| DESCRIPTION OF THE TASK |
Beneath this line are entries. Copy the range from the line with "Add a touch" to the line with "Бежевый, телячья кожа, гладкая", ends included, exactly; leave pictures out.

(SOURCE INFORMATION)

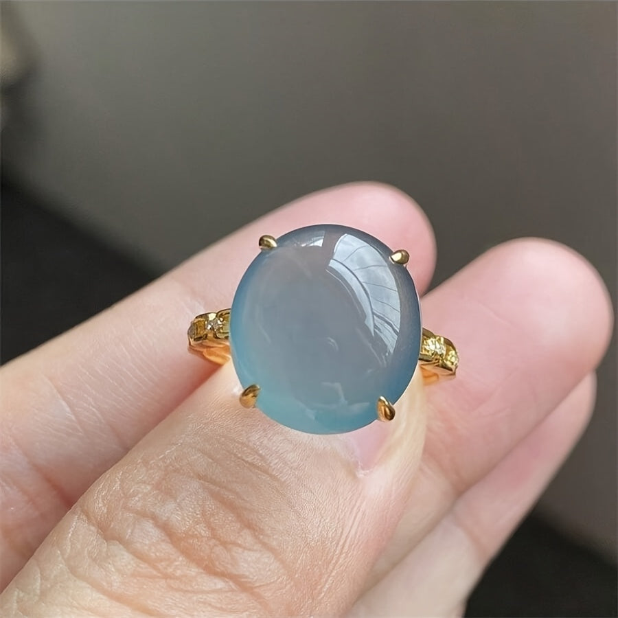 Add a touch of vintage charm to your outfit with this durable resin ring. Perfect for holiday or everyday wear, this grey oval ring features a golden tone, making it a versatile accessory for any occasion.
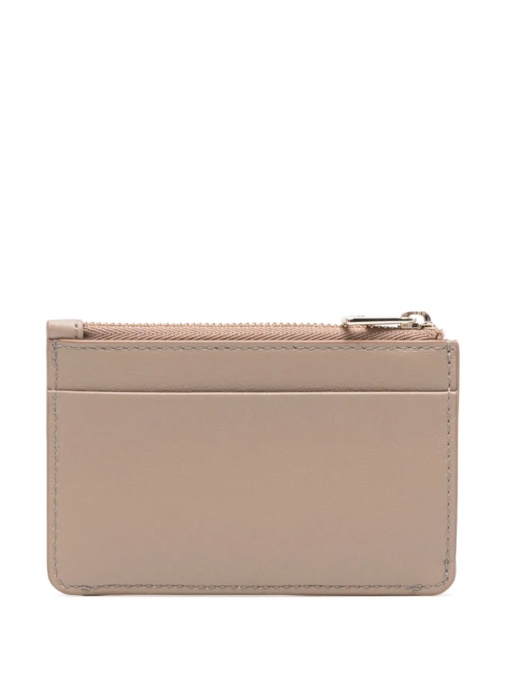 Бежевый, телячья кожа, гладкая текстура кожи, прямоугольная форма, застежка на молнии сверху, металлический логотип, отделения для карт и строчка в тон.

(End SOURCE INFORMATION)
(SOURCE INFORMATION)

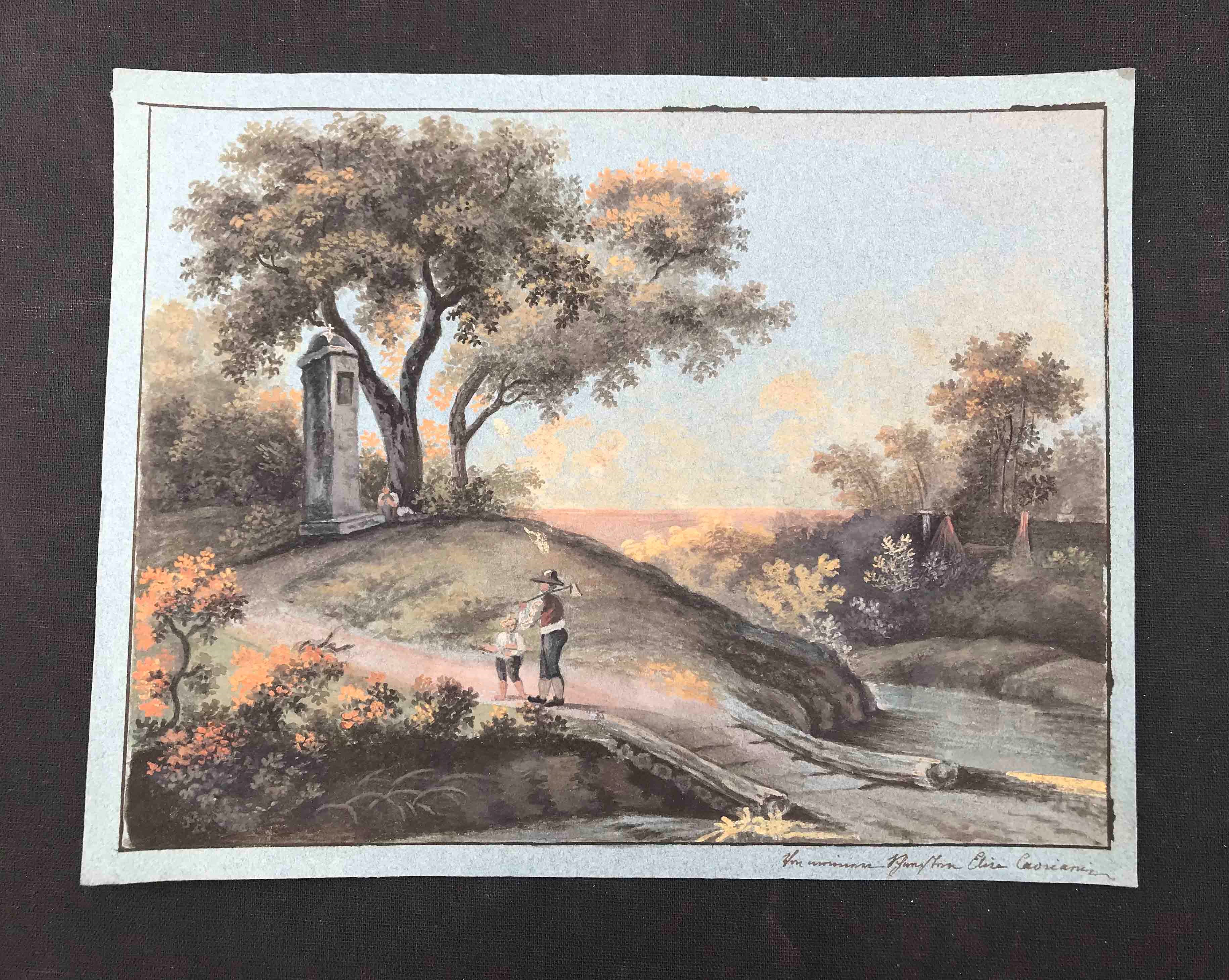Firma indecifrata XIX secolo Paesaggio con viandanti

(End SOURCE INFORMATION)
(SOURCE INFORMATION)

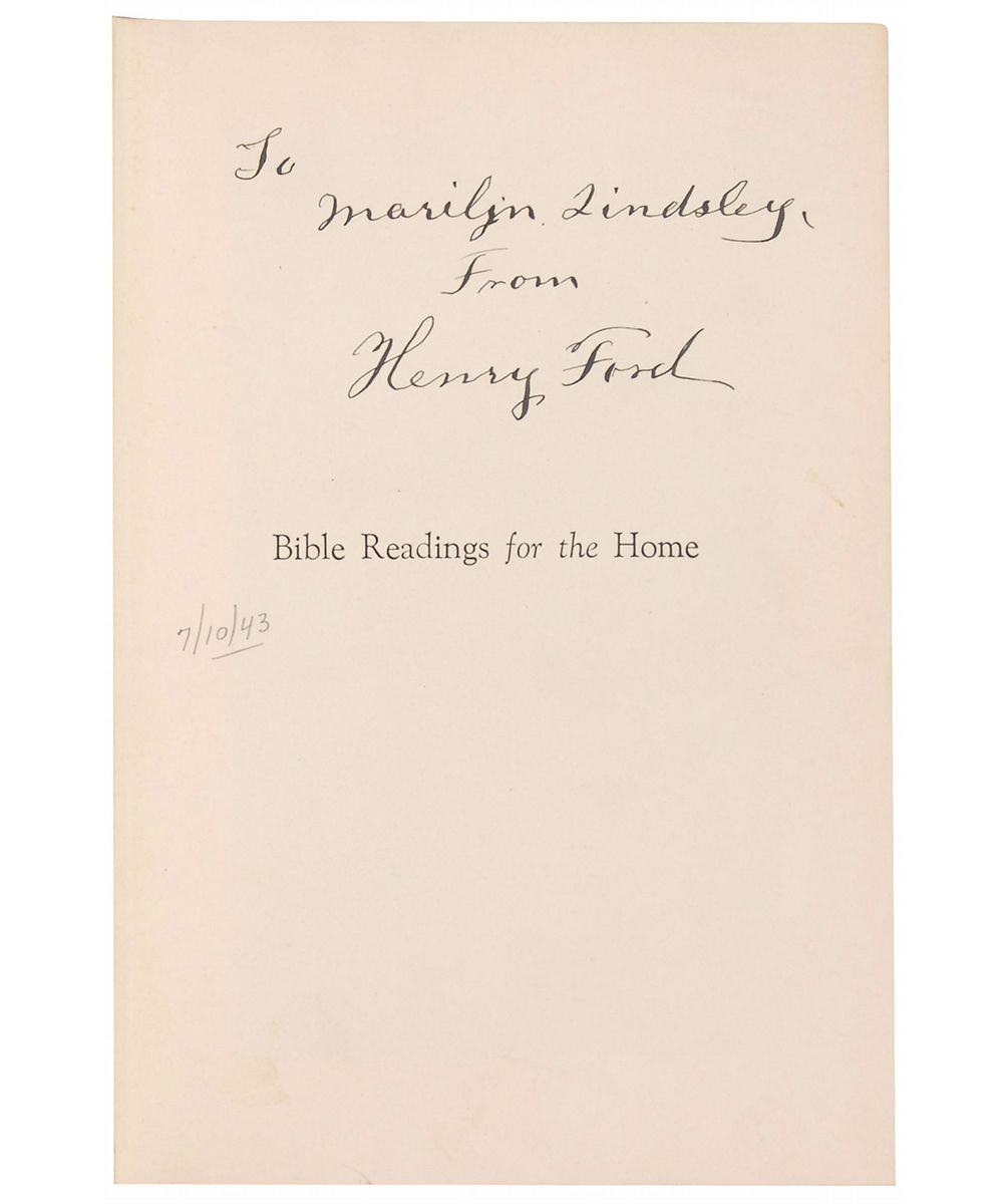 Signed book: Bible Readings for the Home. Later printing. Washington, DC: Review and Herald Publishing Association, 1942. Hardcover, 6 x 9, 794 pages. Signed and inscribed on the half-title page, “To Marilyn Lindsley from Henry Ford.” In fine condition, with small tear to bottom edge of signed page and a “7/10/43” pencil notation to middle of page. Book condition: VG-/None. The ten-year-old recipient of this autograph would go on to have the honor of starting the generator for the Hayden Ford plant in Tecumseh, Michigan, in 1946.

(End SOURCE INFORMATION)

| RESULT |
 Add a touch of vintage charm to your outfit with this durable resin ring. Perfect for holiday or everyday wear, this grey oval ring features a golden tone, making it a versatile accessory for any occasion.
 Бежевый, телячья кожа, гладкая текстура кожи, прямоугольная форма, застежка на молнии сверху, металлический логотип, отделения для карт и строчка в тон.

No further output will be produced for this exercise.